Keynes è il padre della macroeconomia. La brillantezza e la popolarità delle sue intuizioni hanno generato un dibattito epocale sulle ricette di politica economica: dalla scuola monetarista al modello neokeynesiano, passando per la critica di Lucas.

Le intuizioni di Keynes

John Maynard Keynes è noto per essere il padre per eccellenza della macroeconomia.

L’evoluzione del suo pensiero economico trova espressione in due delle sue principali opere: il Trattato sulla moneta (1930) e la Teoria generale dell’interesse, dell’occupazione e della moneta (1936).

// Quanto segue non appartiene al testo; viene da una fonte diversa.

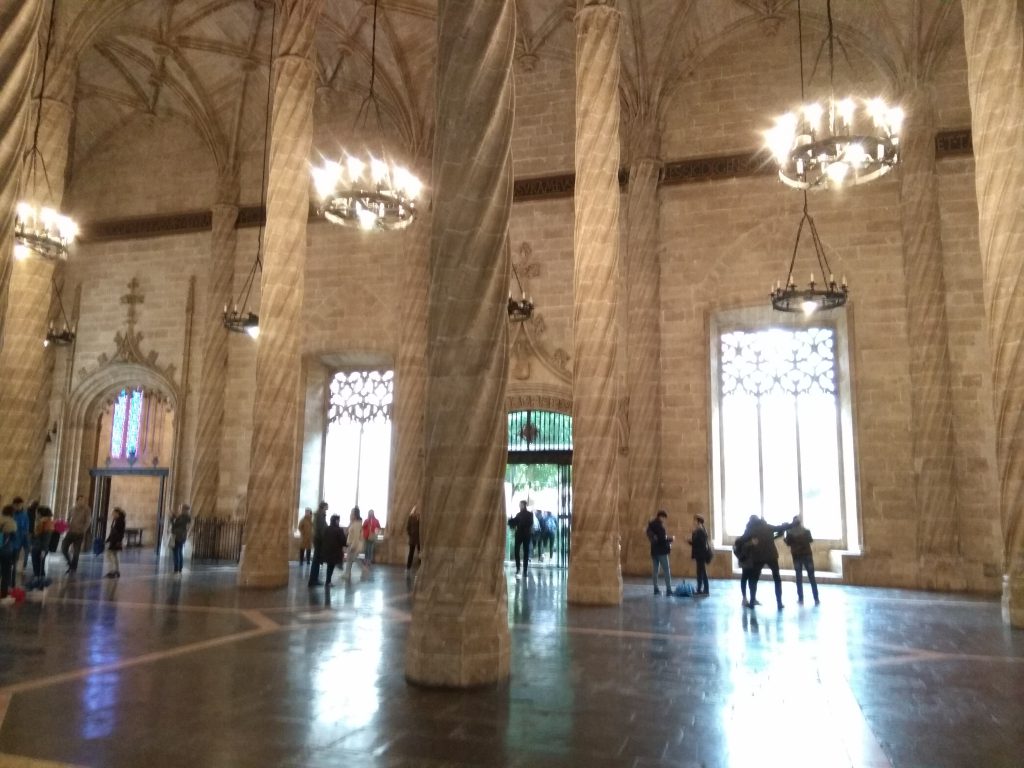 - Salon de Contrataciòn: si tratta della sala principale della Lonja, con 24 colonne elicoidali che salgono per 17 metri. In questa stanza si svolgevano gli scambi della lana, della seta e le attività bancarie;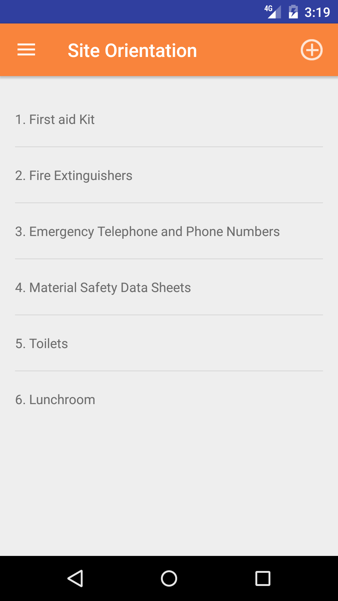 - Tap the + icon in the top right corner to add the Site Orientation.

Nella prima, le posizioni di Keynes ricalcano l’approccio neoclassico all’analisi del mercato della moneta, mentre nella seconda, l’economista introduce concetti innovativi in merito alla domanda di moneta e al meccanismo di trasmissione della politica monetaria.

In primo luogo, la domanda di moneta viene ricondotta, oltre che al movente transattivo e precauzionale, anche a quello speculativo, consentendo ai soggetti di stabilire in quali proporzioni detenere il reddito in moneta piuttosto che in titoli, sulla base delle proprie opinioni circa il livello del tasso di interesse nel lungo periodo.

Per quanto riguarda il meccanismo di trasmissione della politica monetaria, Keynes osserva come, a differenza di quanto osservato nello schema neoclassico, il mercato del lavoro possa trovarsi in una situazione di squilibrio a causa della rigidità nominale verso il basso di prezzi e salari e il livello dell’output possa essere ad un livello inferiore rispetto a quello di piena occupazione.

Di conseguenza, per generare un aumento dell’occupazione e del Pil, occorre una svalutazione del salario reale attraverso un aumento dell’offerta di moneta.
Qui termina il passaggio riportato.